YOUR ASSIGNMENT:
Down to the last line, transcribe the records verbatim and exclude the images.

DATA PROVIDED:
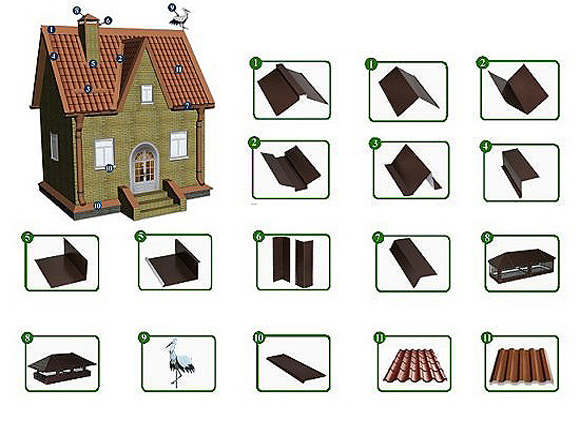 При устройстве крыш из профнастила огромную роль играют так называемые доборные элементы, занимающие в общей площади крыши мизерно малое место (до 3% в самых сложных крышах). Но от них в значительной степени зависит срок службы кровли в целом.
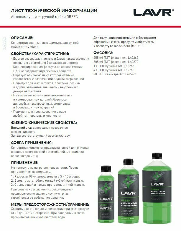 Автошампунь Green, LAVR 1 л
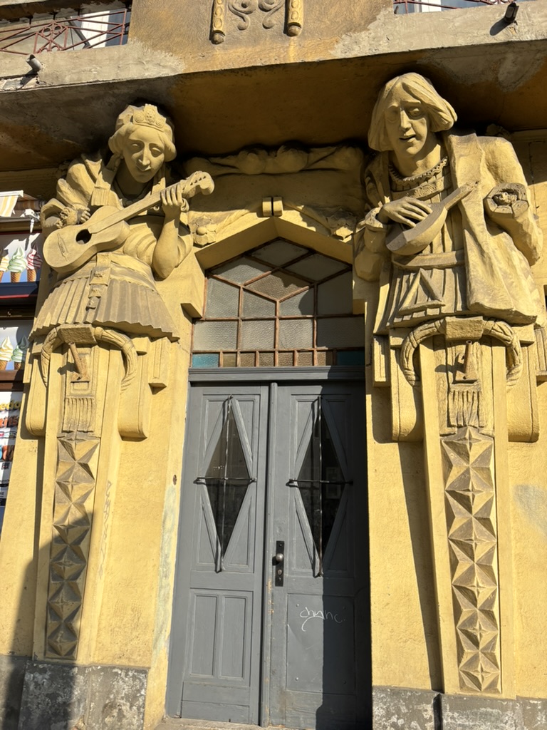 Its highlight is the two musicians – a guitarist and a lutist – surrounding its front door.
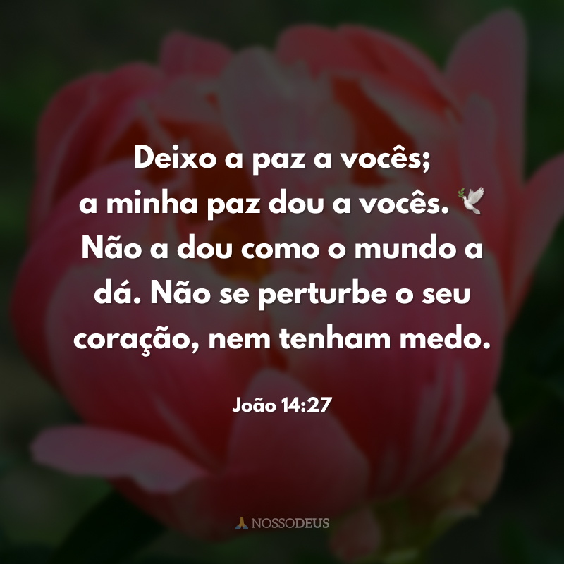Deixo a paz a vocês; a minha paz dou a vocês. 🕊 Não a dou como o mundo a dá. Não se perturbe o seu coração, nem tenham medo.
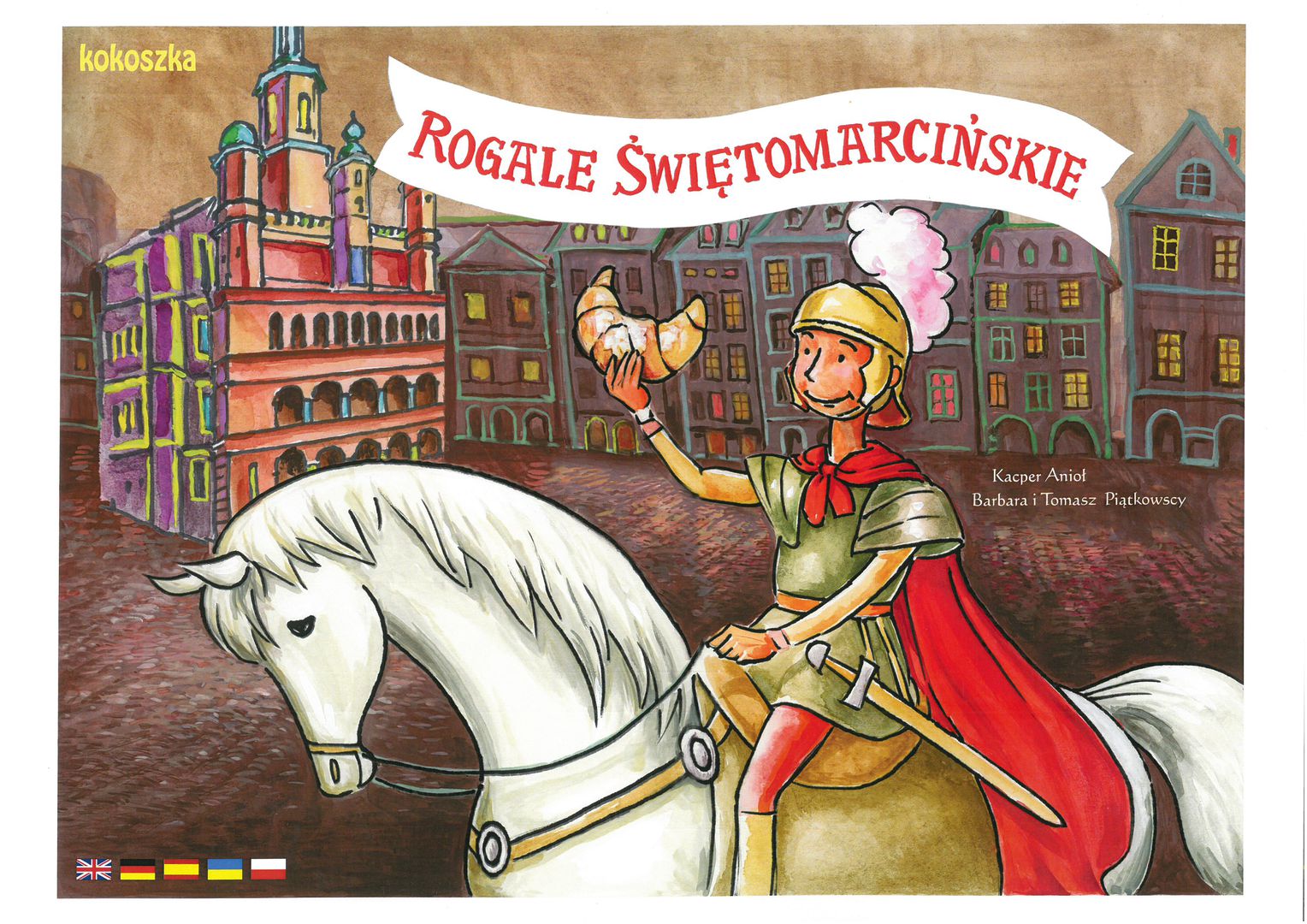 Rogale marcińskie, rogale świętego Marcina, to nic innego, jak po prostu rogale świętomarcińskie. Piekarz Walenty i jego sen, święty Marcin na koniu, znaleziona podkowa... o tym wszystkim opowiada legenda. Ale to nie wszystko... Jest tu też poruszony temat dzielenia się, mianowicie wg legendy piekarz Walenty nie chciał się dzielić z innymi. Jednak coś się wydarzyło, że się zmienił... ale o tym w naszej bajce. Zgadnijcie, czym się dzieli Walenty? Z tej bajki kamishibai dowiemy się, skąd się wzięła tradycja pieczenia rogali na dzień świętego Marcina - 11 listopada. Legenda ma też pozytywne przesłanie: warto zrobić coś dobrego dla innych, tak jak św Marcin i piekarz Walenty. Pozycja może być przydatna na lekcję: religia. (Opis ze strony Wydawcy).
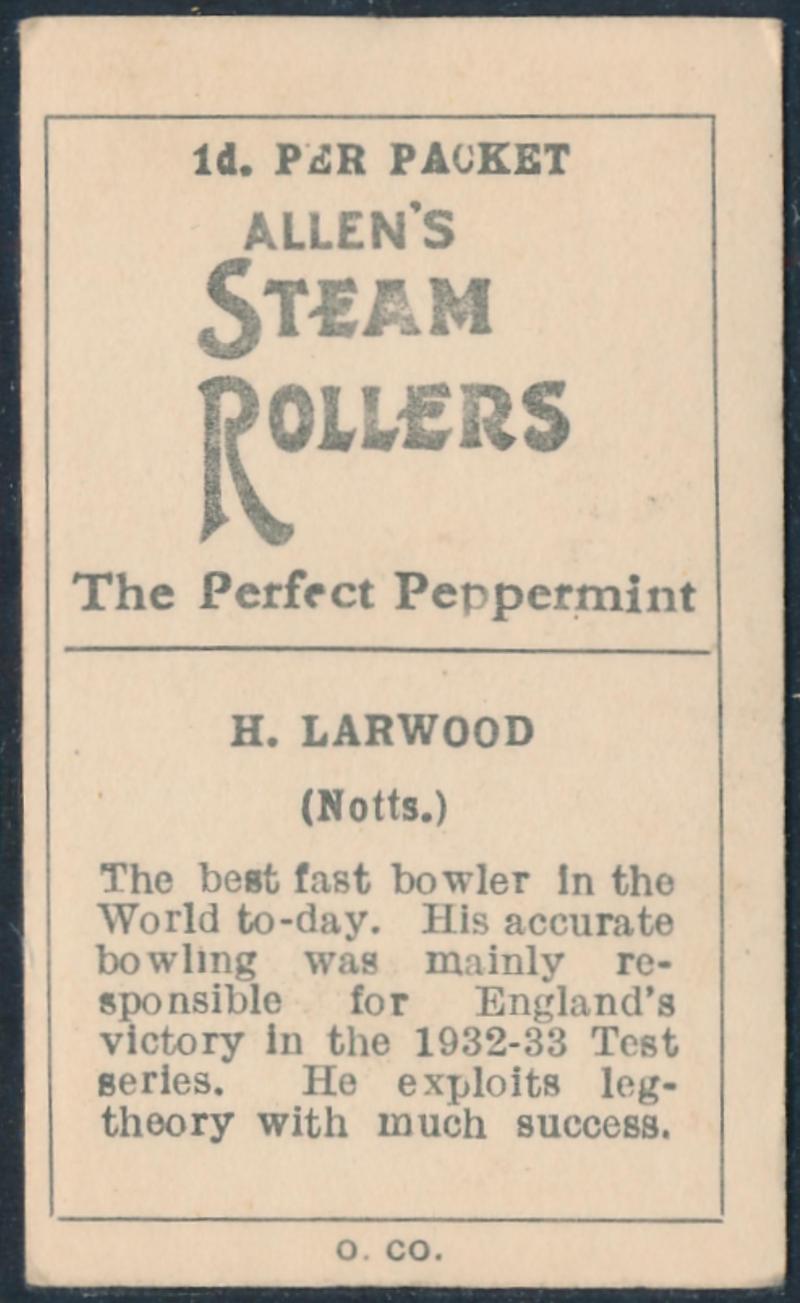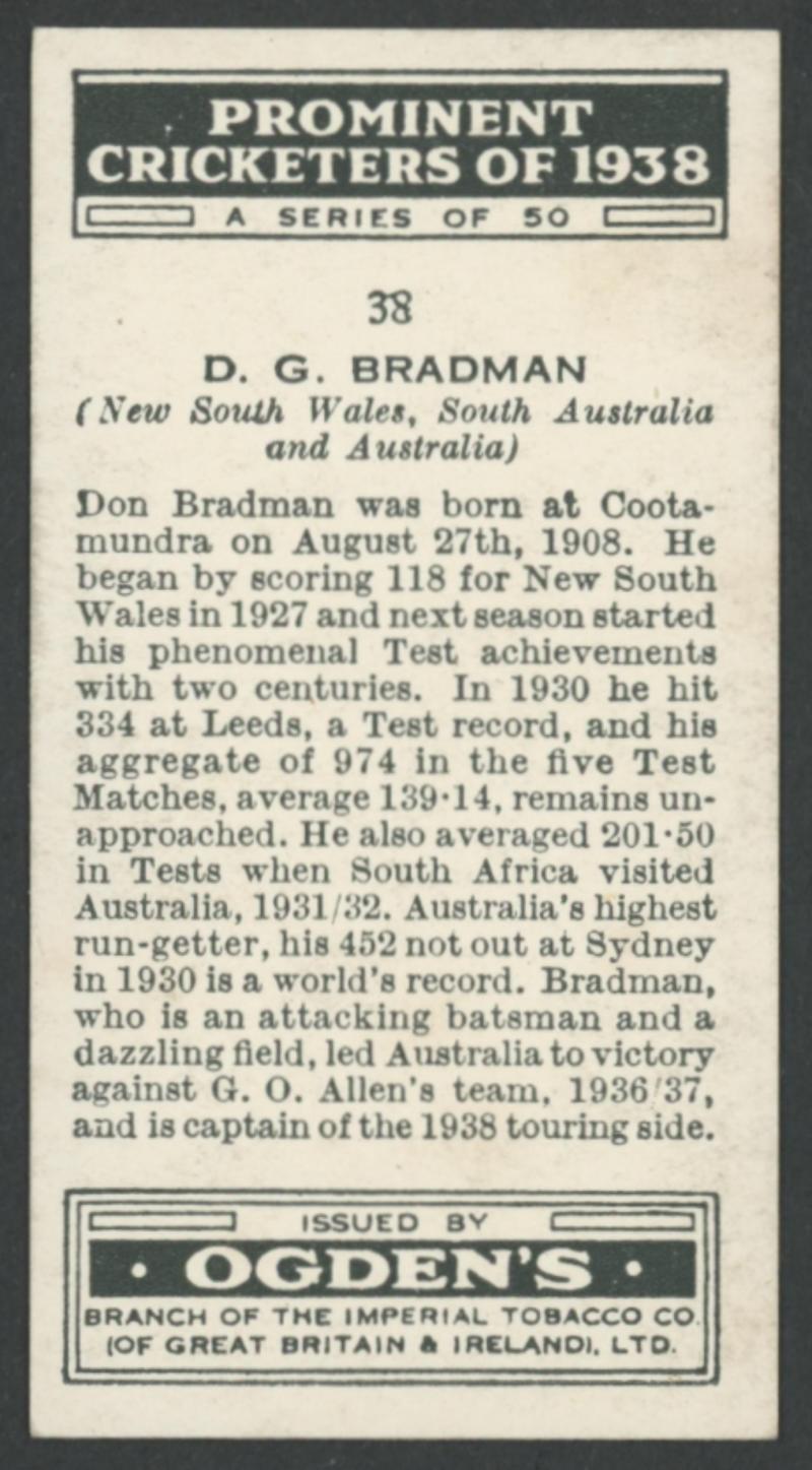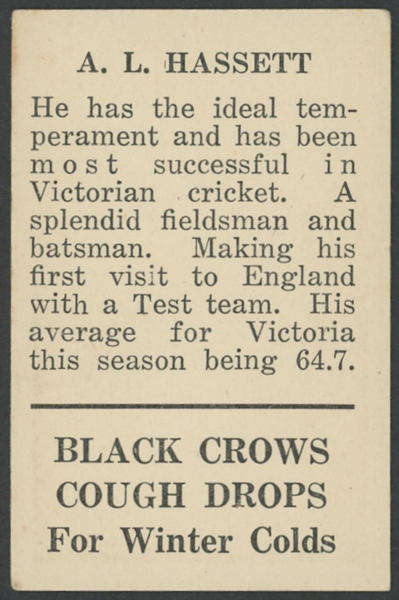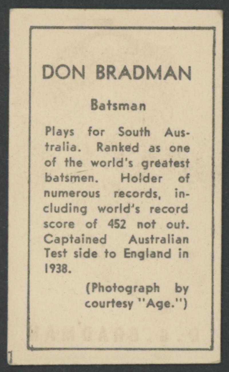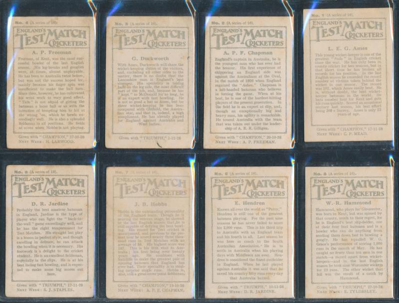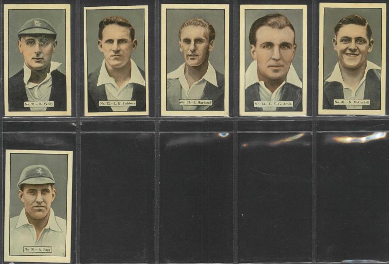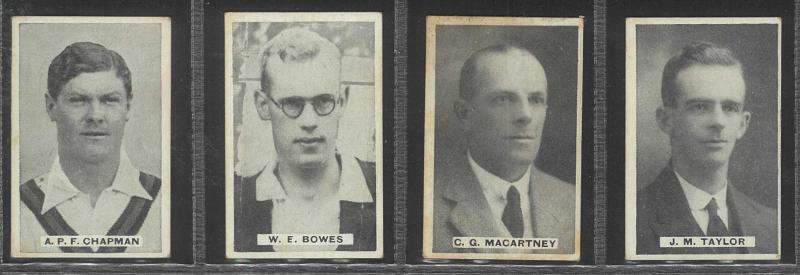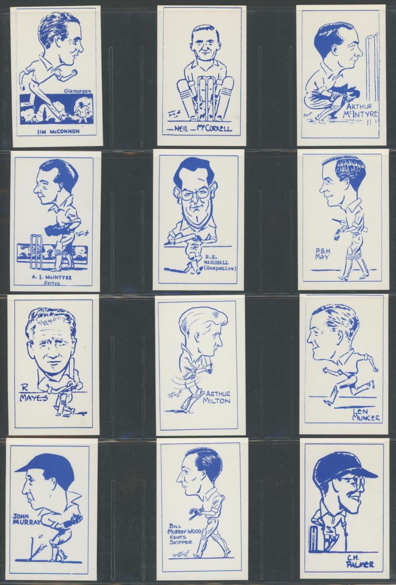 (Ask Mother for Cruising Toffee) 'Australian Cricketers' [2/10 known; 1938 (Black Crow Throat Drops) 'English Cricketers' [2/7 known]; 1938 (Ask Mother for Cruising Toffee) 'English Cricketers' [2/7 known], mainly Fair/Very Fine condition. Rare.
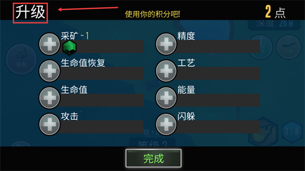 3、升級(jí)界面消耗積分強(qiáng)化屬性,優(yōu)先點(diǎn)滿【采礦~1】類資源獲取技能,再補(bǔ)充【生命值】等生存屬性。

WORKED SOLUTION:
 При устройстве крыш из профнастила огромную роль играют так называемые доборные элементы, занимающие в общей площади крыши мизерно малое место (до 3% в самых сложных крышах). Но от них в значительной степени зависит срок службы кровли в целом.
 Автошампунь Green, LAVR 1 л
 Its highlight is the two musicians – a guitarist and a lutist – surrounding its front door.
Deixo a paz a vocês; a minha paz dou a vocês. 🕊 Não a dou como o mundo a dá. Não se perturbe o seu coração, nem tenham medo.
 Rogale marcińskie, rogale świętego Marcina, to nic innego, jak po prostu rogale świętomarcińskie. Piekarz Walenty i jego sen, święty Marcin na koniu, znaleziona podkowa... o tym wszystkim opowiada legenda. Ale to nie wszystko... Jest tu też poruszony temat dzielenia się, mianowicie wg legendy piekarz Walenty nie chciał się dzielić z innymi. Jednak coś się wydarzyło, że się zmienił... ale o tym w naszej bajce. Zgadnijcie, czym się dzieli Walenty? Z tej bajki kamishibai dowiemy się, skąd się wzięła tradycja pieczenia rogali na dzień świętego Marcina - 11 listopada. Legenda ma też pozytywne przesłanie: warto zrobić coś dobrego dla innych, tak jak św Marcin i piekarz Walenty. Pozycja może być przydatna na lekcję: religia. (Opis ze strony Wydawcy).
 (Ask Mother for Cruising Toffee) 'Australian Cricketers' [2/10 known; 1938 (Black Crow Throat Drops) 'English Cricketers' [2/7 known]; 1938 (Ask Mother for Cruising Toffee) 'English Cricketers' [2/7 known], mainly Fair/Very Fine condition. Rare.
 3、升級(jí)界面消耗積分強(qiáng)化屬性,優(yōu)先點(diǎn)滿【采礦~1】類資源獲取技能,再補(bǔ)充【生命值】等生存屬性。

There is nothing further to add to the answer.